Clauses

A clause is a group of words that contains a subject and a predicate (which contains a verb). A clause can make up part of a sentence, or it can be a sentence on its own.

Independent clauses

An independent clause (also called a principle or a main clause) contains a subject and a predicate that together form a complete thought.

Example sentences:
After six weeks of data collection, the data was analyzed.
The counseling centre has many useful resources.
Shakespeare was a playwright whose work is now widely studied.

An independent clause (italicized in each example above) can stand alone as a complete sentence or represent only part of a sentence. In each case, the independent clause forms a complete thought.

Dependent clauses

As with an independent clause, a dependent clause contains a subject and a predicate, but it does not form a complete thought. When a dependent clause is written as its own sentence, it is a sentence fragment. This is because a dependent clause relies on an independent clause for its meaning and cannot stand alone as a sentence.

Example sentences:
After we collected our survey results, the data was analyzed.
Shakespeare was an English playwright, though his actual identity is debated.

In the first example, the dependent clause “After we collected our survey results” cannot standalone as a complete thought because it implies that something else happened without giving more detail. In the second example, the dependent clause “though his actual identity is debated” cannot stand alone as a complete thought because it implies a contrast with another idea.

How to distinguish between types of clauses

Look for subordinating words and phrases (such as whoever or even though) that create dependent relationships between two ideas in a sentence and are located at the beginning of a dependent clause.
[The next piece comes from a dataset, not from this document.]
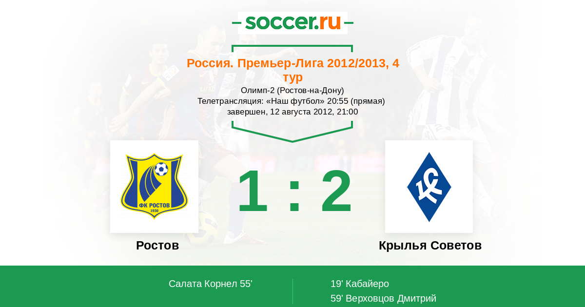 Россия. Премьер-Лига 02.12.2012 Крылья Советов Логотип футбольный клуб Крылья Советов (Самара) 0:2 Логотип футбольный клуб Ростов (Ростов-на-Дону) Ростов

The two main types of subordinating words are subordinating conjunctions and relative pronouns.

Subordinating conjunctions

Subordinating conjunctions link two or more unequal ideas by indicating a relationship between the ideas, such as:

  • a cause and effect relationship
  • how the ideas contrast (are different)
  • time sequence between ideas

Some common subordinating conjunctions:

  • Cause and effect: because, since, if, in order to
  • Contrast: although, rather than, even though, despite
  • Time sequence: before, after, when, once

Example sentences:
Although many people believe that the concept of life beyond earth is impossible, many scientists and theorists have argued that extra-terrestrial life is a distinct possibility.
The audience was attentive because the speaker was a gifted speaker.

Relative pronouns

A relative pronoun takes the place of a noun (person, place, or thing) in a dependent clause as the subject or object of the clause.

Following is a list of commonly used relative pronouns:

  • those
  • whose
  • whoever
  • whom
  • that
  • which

Example sentences:
The United Nations is an inter-governmental organization whose goals are to create a better world.
Whoever oversees the experiment, they must use extreme caution.

Practice

In the following sentences underline all independent clauses and circle dependent clauses.

  1. Working while taking courses can be difficult, although it is worth avoiding student debt.
  2. I can drive you to work, as long as you are ready to leave by 8 A.M..
  3. Because this cat will not stop eating my plants, all my flowers keep dying.
  4. Whichever you choose, we still need your decision by Friday.
  5. You have to try this tea, as long as you are not allergic to bamboo.
  6. You still need to take English 1205, despite being a Science student.
  7. If Seth keeps throwing temper tantrums, I am not taking him to the pool party.
  8. This test will be easy, provided that you have spent time studying.
  9. She has not been the same, since the vending machine fell on her.
  10. These children are skilled Smore makers, as they practice at the campfire every night.